Vietnamese rights lawyer Nguyen Van Dai testifies at the 11th Geneva Summit for Human Rights and Democracy

Ladies and gentlemen,

Thank you for providing me the opportunity to talk about the human rights situation in Vietnam through my lens. My journey started when I was living in East Berlin in 1989 and witnessed the fall of the Berlin Wall with my very own eyes, followed by the collapse of East Germany and the revolutions in Eastern Europe. It was this time that my faith in socialism and communism also collapsed as I awoke and saw its evil nature.

At the end of 1990 when I was just 20 years old, I decided to return to Vietnam with the hope that I could contribute to bringing democratic change in my home country. I graduated from Law School in 1995 and became a Christian and human rights lawyer in 2000 to defend Protestants within the H’Mong ethnic minority and Pastors leading Protestant congregations which were not recognised by the Vietnamese government.

In 2006, I founded the Committee for Human Rights and an independent union in 2006. I was a frequent contributor for BBC Vietnamese promoting political plurality in Vietnam. I opened classes for students to learn about their political rights and press freedom. It was on 6 March 2007, when one of my colleagues was teaching a few students at my office, that security forces barged in and arrested us.

At my trial, the court argued that Vietnam was a one-party state and my promotion of political plurality was conducting propaganda against the state. Discussing press freedoms was seen as opposing state media and conducting propaganda against the state. This resulted in me being sentenced to 4 years in prison and 4 years house arreste for conducting propaganda against the state under Article 88 of the Penal Code. I was detained for more than 10 months at Detention Centre 1 in Hanoi. Everyday they gave us dirty, unwashed vegetables, often with leeches and slugs. We had to wash it with the dirty water we were provided before we could eat it. We would only receive about 100 grams of meat a week.
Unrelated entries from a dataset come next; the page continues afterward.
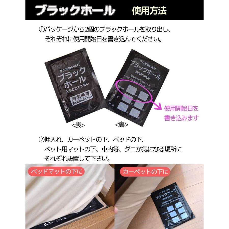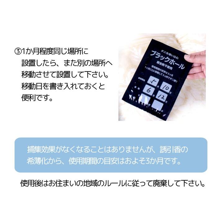 置くだけで、ダニが小さい穴から袋の中へ吸い込まれていき、そのまま外に出ることなく
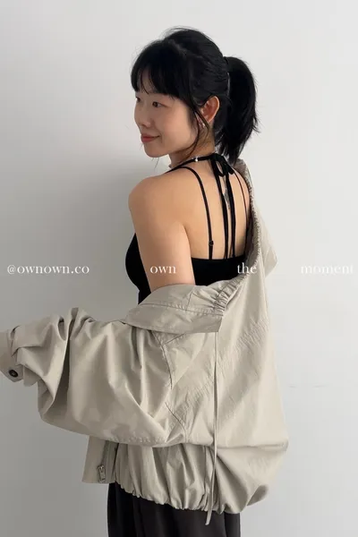 側邊的小細節自然帶出小心機,繞脖設計讓肩線更俐落又有微微性感。
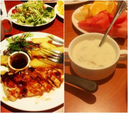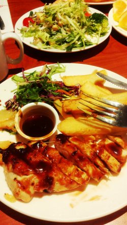 味道不错的牛排鸡排 Amberwl等級32014-03-0530 瀏覽 關注 晚上和朋友们聚会选的离公司近的这家店,点了三份不一样的牛排和鸡排,炭烧鸡排味道不错,配的薯条很大根,而且沙拉吧是自助的,可以选择的水果和蔬菜也很多,莎拉酱种类也很多,汤品也是自助的,我喝的奶油蘑菇汤,还不错,朋友喝的酸辣汤,自助的小食还有虾片一类的东西,人不是很多,但服务员服务态度不错。…查看更多以上食評乃用戶個人意見 , 並不代表OpenRice之觀點。讚好分享味道不错的牛排鸡排 时时乐 https://s.openrice.com/KtbT1m0sFG900檢舉 張貼 評分5味道5環境5服務5衛生4抵食推介美食炭烧鸡排¥90蘑菇汤和鸡排自助沙拉和小面包炭烧鸡排 沙拉吧用餐日期2014-02-28人均消費¥100
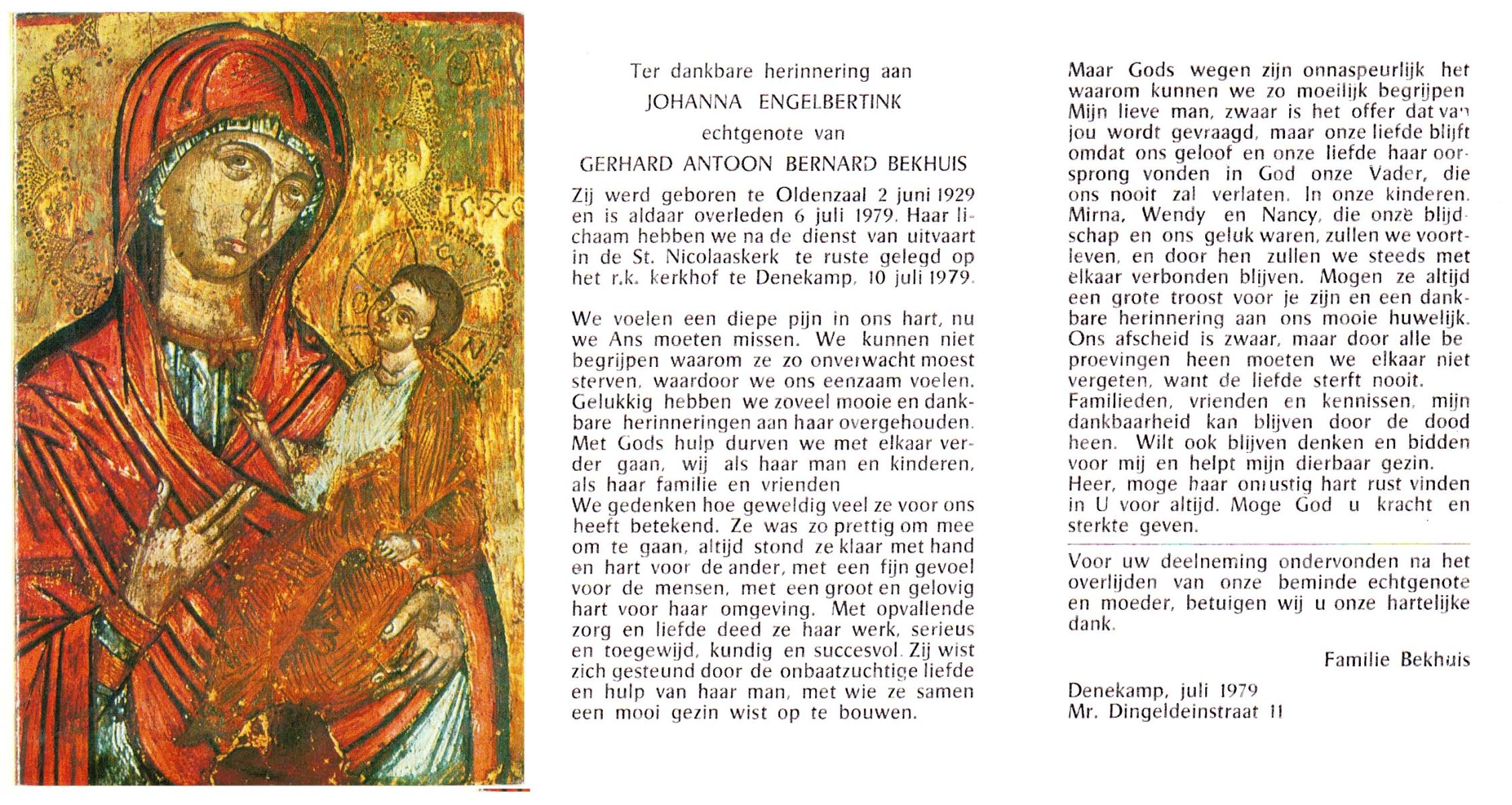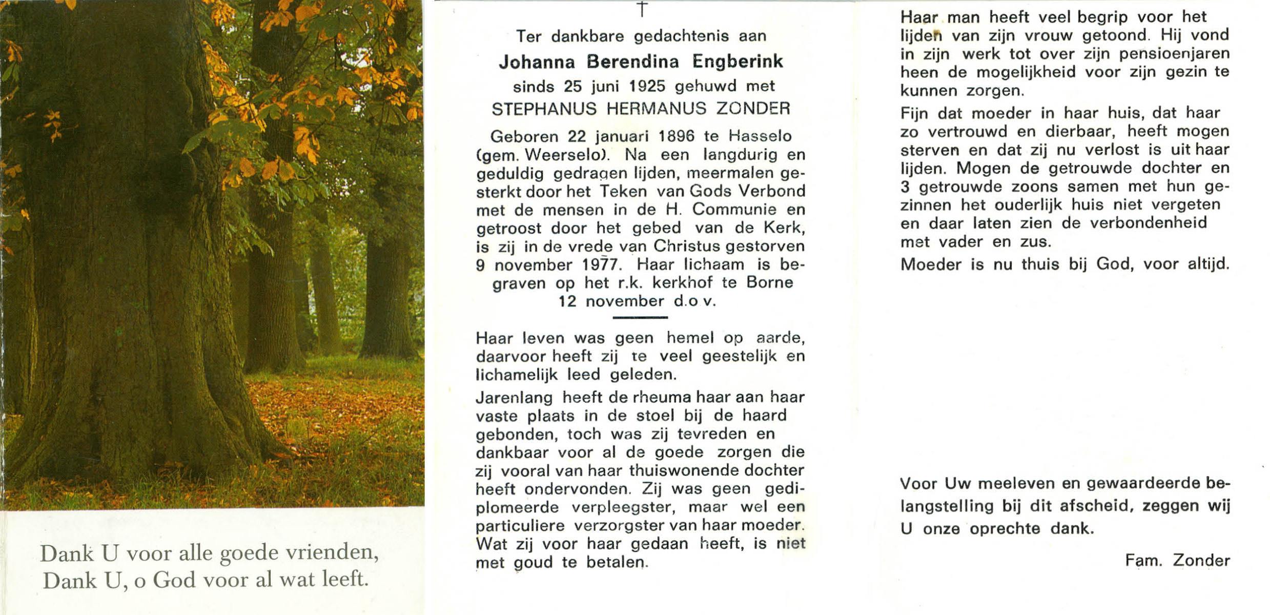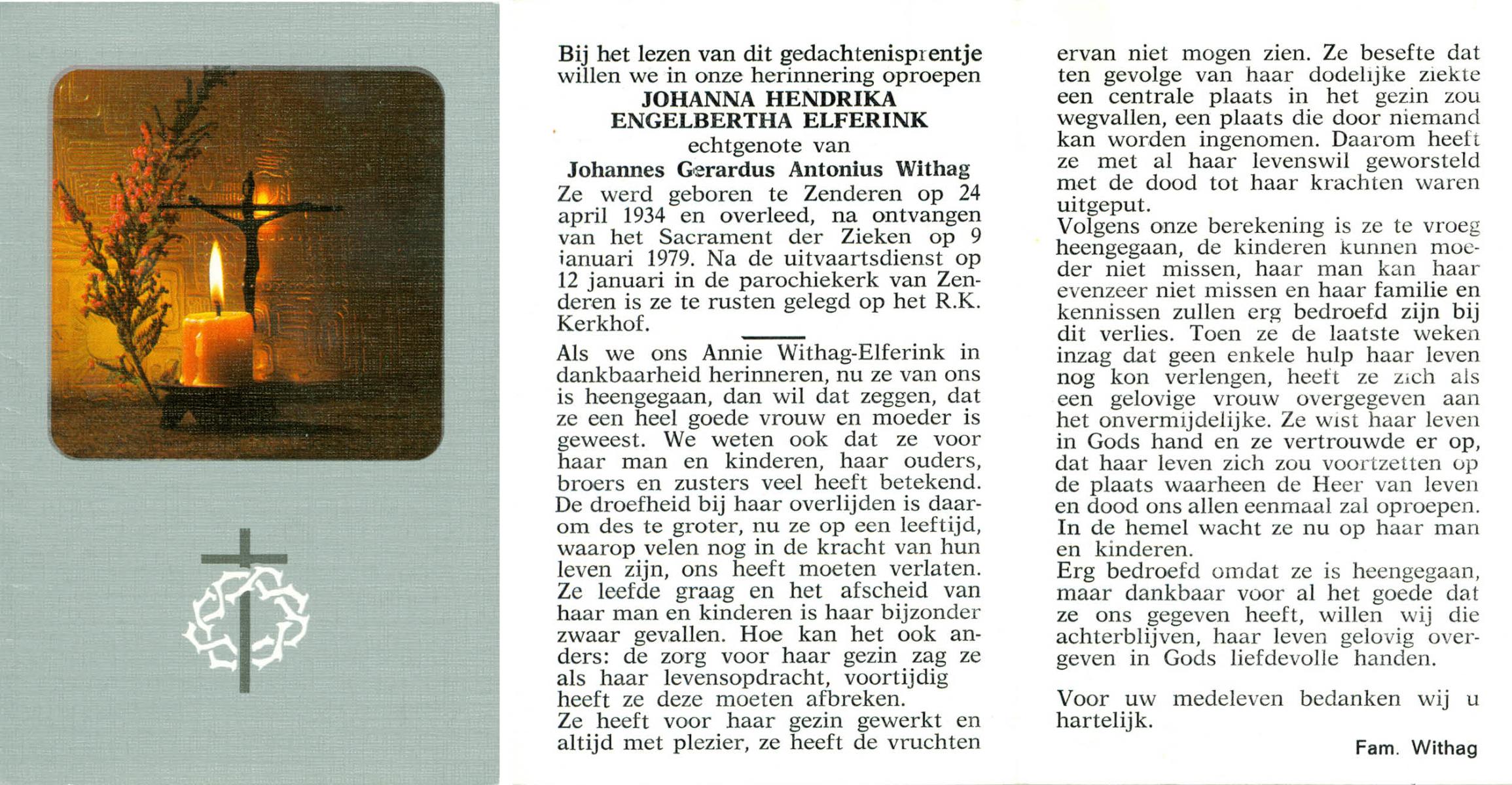 ELFERINK, Johanna Hendrika Engelbertha, geboren op 24-4-1934 te Zenderen, overleden op 9-1-1979 op 44-jarige leeftijd, begraven op 12-1-1979 te Zenderen.

We weren’t given clean water as required. We had to use socks and facial towels to filter the dirty water five times before we were able to drink it. We weren’t allowed to read newspapers or watch television…

After I was released from prison in March 2011, I continued my human rights activism. In April 2013, myself along with a few other human rights activists founded the Brotherhood for Democracy, a civil society organisation promoting human rights and democracy in Vietnam. I continued to conduct teach ins about civil society and human rights for students and Catholic communities. On 8 May 2014 5 plain clothes policemen beat me while I was talking with a group of students at a coffee shop, leading to a broken scalp which required four stitches. In January and March 2015, police harassed me three times while I was at home.

I wasn’t allowed a passport after my house arrest ended on 6 March 2015. Every month police would monitor me and not permit me to leave my house for up to four days.

After conducting a teach in for 70 Catholic parishioners on 6 December 2015, my three colleagues and I were ambushed by 20 policemen while on our way back to Hanoi. Our taxi was stopped and we were physically attacked, had all our possessions taken including our jackets, ID documents and papers, phones before stranding us on a beach in the middle of the cold night. 9 days later, I was arbitrarily detained while making my way to see the EU delegation prior to the EU-Vietnam Human Rights Dialogue. After more than two years of pre-trial detention, my five colleagues and I were trialled on 6 April 2018. We were charged for building the foundations of a democratic Vietnam which in turn, was overthrowing the government. I was sentenced to 15 years in prison and 5 years house arrest.

I only saw my wife for the first time after 11 months of pre-trial detention. I would have to wait for another 3 months, then five, then four then nine months. I only saw my lawyer for the first time after 26 months of detention, lasting only an hour while under constant watch of police. Throughout these 2.5 years, I never saw the sun. I was held in a small 6.5 metre squared cell with another person.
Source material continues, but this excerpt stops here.